David Scott (2002) proposed that "the greatest challenge for learning is how we educate for a world that is a living, breathing organism rather than a hierarchical machine....The problem of learning may reside in our theories of the mind, but it is also possible that the mind has not been allowed to play with all the cards that the evolution of the universe has built in." He foresaw  a new theory of a holistic universe emerging.  Instead of focusing almost on cognitive, rational intelligence, new insights into learning may come from "exploring the full potential  of a  human being,' including kinesthetic, aesthetic, emotional and spiritual intelligence as well as the cognitive. "There may be a deep relation between the structures of the mind and of Universe,  he says. And learning research may progress to more integral levels of consciousness, "to more integrated human beings, and to a more just, caring and connected world.

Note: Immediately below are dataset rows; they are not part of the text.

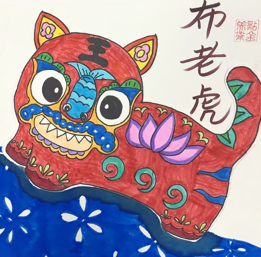 方志遠:7歲 畫齡:1年半 作品名稱:《布老虎》 指導老師:綠城麗達教學基地——付開心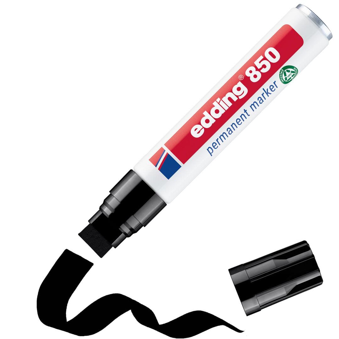 Edding® 850 permanent merkepenn er utformet for mange forskjellige oppgaver og kan brukes på nesten alle overflater. Denne permanente merkepennen benytter hurtigtørkende blekk og er vann- og flekkbestandig, slik at du kan skrive tydelige og plettfrie linjer. Den er spesialutformet som en allsidig merkepenn og nyttig til en lang rekke oppgaver. - Permanent, hurtigtørkende, vann- og flekkbestandig blekk - Utformet for forskjellige oppgaver - Skriver på nesten alle overflater - Kan etterfylles - Bred skråskåret spiss - Strekbredde: 515mm - Farge: Sort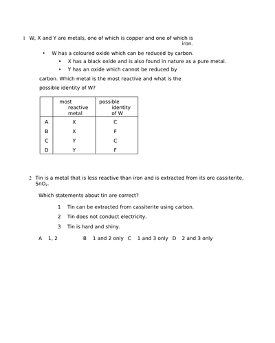 Cambridge IGCSE reactivity series multiple choice questions and answers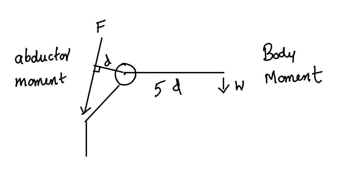 *w is generally taken as 5/6 of the body weight as the person is standing on one leg. Weight of one leg is generally taken a 1/6 body weight.

So what about an `ethical/moral brain? <http://mattersofconsequence.com/MOCfig2.html>. Benking (2001) said that “there was hope in the past decades that the computer might become the new magnifying glass for the human intellect, but we really have to do the thinking ourselves, cultivating our imagination and creativity” and finding ‘ a new quality by combining the human intuition with machine precision and repeatability…We work on self models and extension systems.” He quotes Friedrich Ruckert: “Maps make the world comprehensible to us. We are still waiting for the star-maps of the spirit.”